= TASK INSTRUCTIONS =
Within the records that follow, restate exactly the lines from the line with "전체 구리 미국 벽 램프" down to the line with "他透露,用户可通过支付150", including both. Omit the pictures.

= AVAILABLE DATA =

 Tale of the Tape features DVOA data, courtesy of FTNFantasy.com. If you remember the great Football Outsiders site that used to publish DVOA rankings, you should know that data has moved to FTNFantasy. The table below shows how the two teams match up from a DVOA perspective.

--

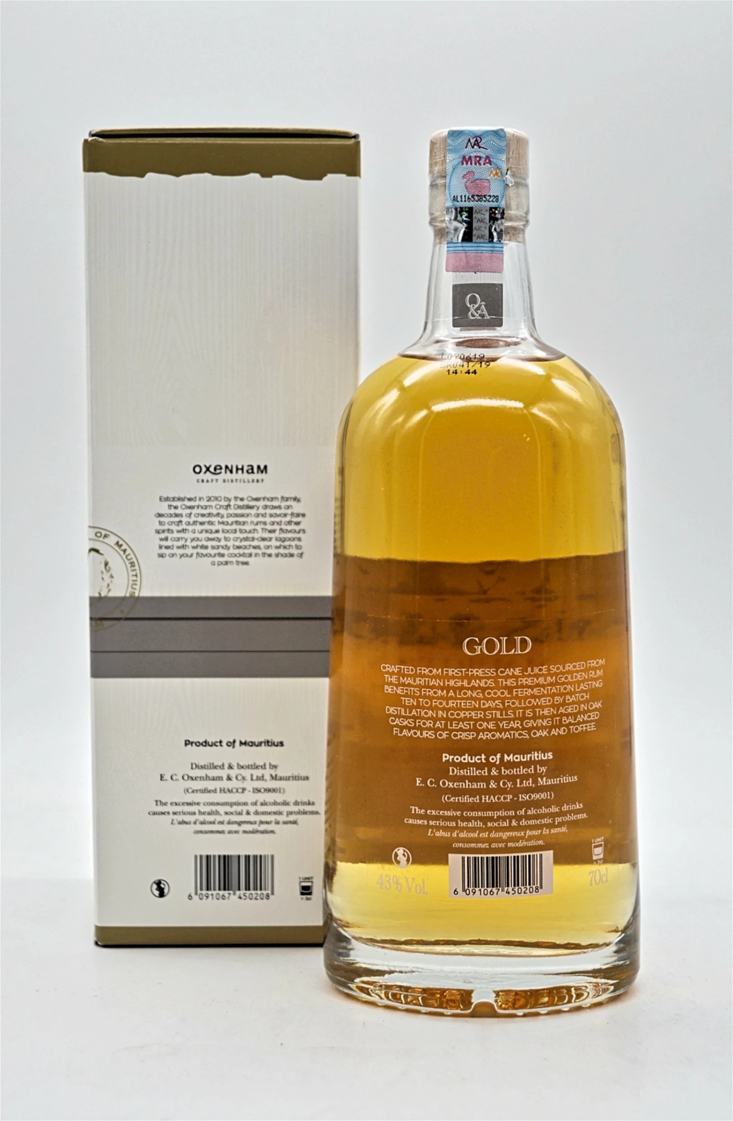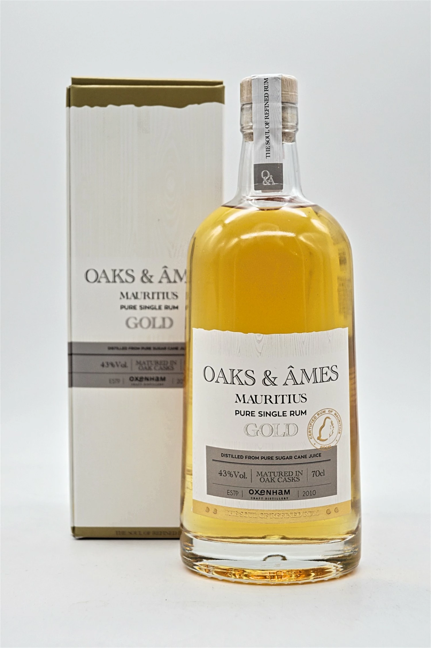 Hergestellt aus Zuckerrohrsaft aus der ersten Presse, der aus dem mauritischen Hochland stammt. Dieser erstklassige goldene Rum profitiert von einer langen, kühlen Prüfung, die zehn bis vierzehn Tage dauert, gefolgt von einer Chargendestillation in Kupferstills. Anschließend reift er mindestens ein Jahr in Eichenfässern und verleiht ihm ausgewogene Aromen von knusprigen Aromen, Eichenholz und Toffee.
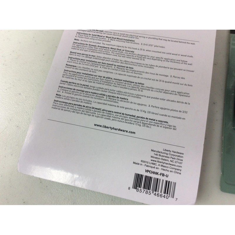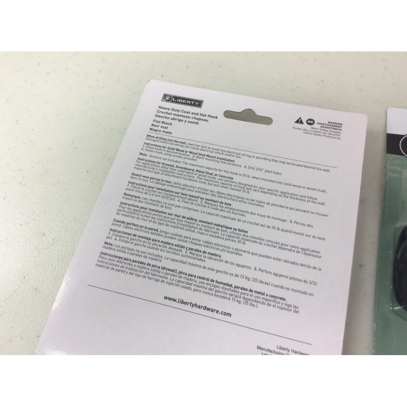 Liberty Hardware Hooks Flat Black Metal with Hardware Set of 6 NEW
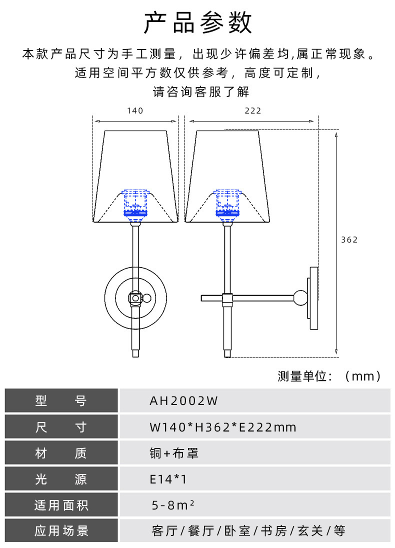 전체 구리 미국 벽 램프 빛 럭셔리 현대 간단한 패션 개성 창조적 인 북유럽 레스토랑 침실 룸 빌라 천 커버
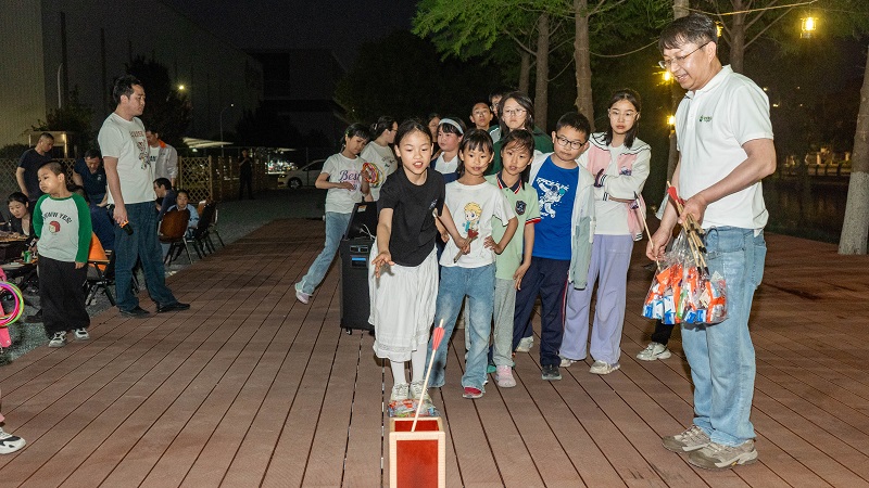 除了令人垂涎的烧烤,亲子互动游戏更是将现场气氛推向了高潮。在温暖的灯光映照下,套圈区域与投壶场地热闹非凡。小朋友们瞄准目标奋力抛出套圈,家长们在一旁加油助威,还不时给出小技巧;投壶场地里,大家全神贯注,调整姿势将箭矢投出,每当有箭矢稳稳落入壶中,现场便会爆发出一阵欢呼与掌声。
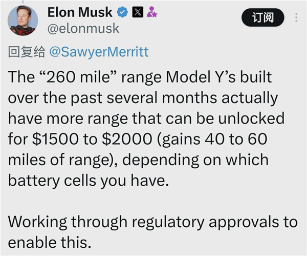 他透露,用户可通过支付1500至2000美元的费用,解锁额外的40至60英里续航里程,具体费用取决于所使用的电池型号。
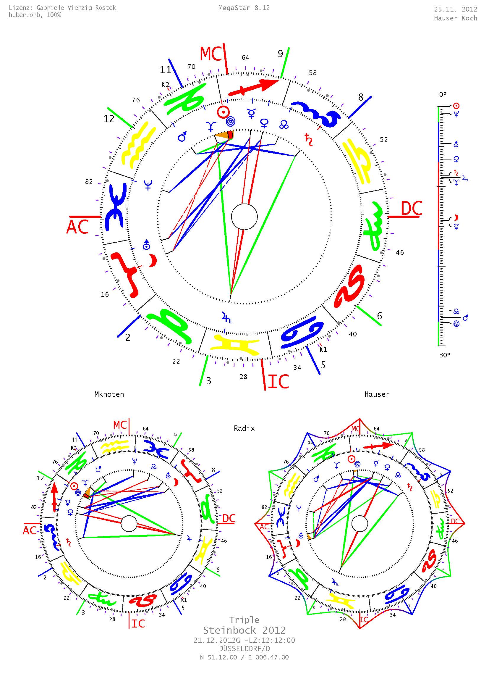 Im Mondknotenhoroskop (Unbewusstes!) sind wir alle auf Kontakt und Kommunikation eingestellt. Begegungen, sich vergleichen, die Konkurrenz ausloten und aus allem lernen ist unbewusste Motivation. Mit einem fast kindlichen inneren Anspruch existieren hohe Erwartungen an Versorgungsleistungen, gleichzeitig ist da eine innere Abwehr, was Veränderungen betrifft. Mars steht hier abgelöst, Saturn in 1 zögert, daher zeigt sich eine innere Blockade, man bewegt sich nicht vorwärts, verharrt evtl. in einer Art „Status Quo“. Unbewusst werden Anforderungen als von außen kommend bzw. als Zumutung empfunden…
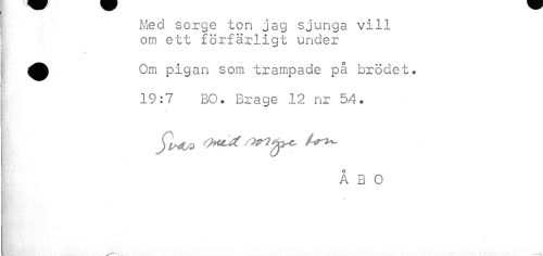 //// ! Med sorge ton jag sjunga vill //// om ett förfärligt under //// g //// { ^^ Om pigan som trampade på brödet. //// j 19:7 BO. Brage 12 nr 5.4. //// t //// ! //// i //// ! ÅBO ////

= ANSWER FOR THIS EXERCISE =
 전체 구리 미국 벽 램프 빛 럭셔리 현대 간단한 패션 개성 창조적 인 북유럽 레스토랑 침실 룸 빌라 천 커버
 除了令人垂涎的烧烤,亲子互动游戏更是将现场气氛推向了高潮。在温暖的灯光映照下,套圈区域与投壶场地热闹非凡。小朋友们瞄准目标奋力抛出套圈,家长们在一旁加油助威,还不时给出小技巧;投壶场地里,大家全神贯注,调整姿势将箭矢投出,每当有箭矢稳稳落入壶中,现场便会爆发出一阵欢呼与掌声。
 他透露,用户可通过支付1500至2000美元的费用,解锁额外的40至60英里续航里程,具体费用取决于所使用的电池型号。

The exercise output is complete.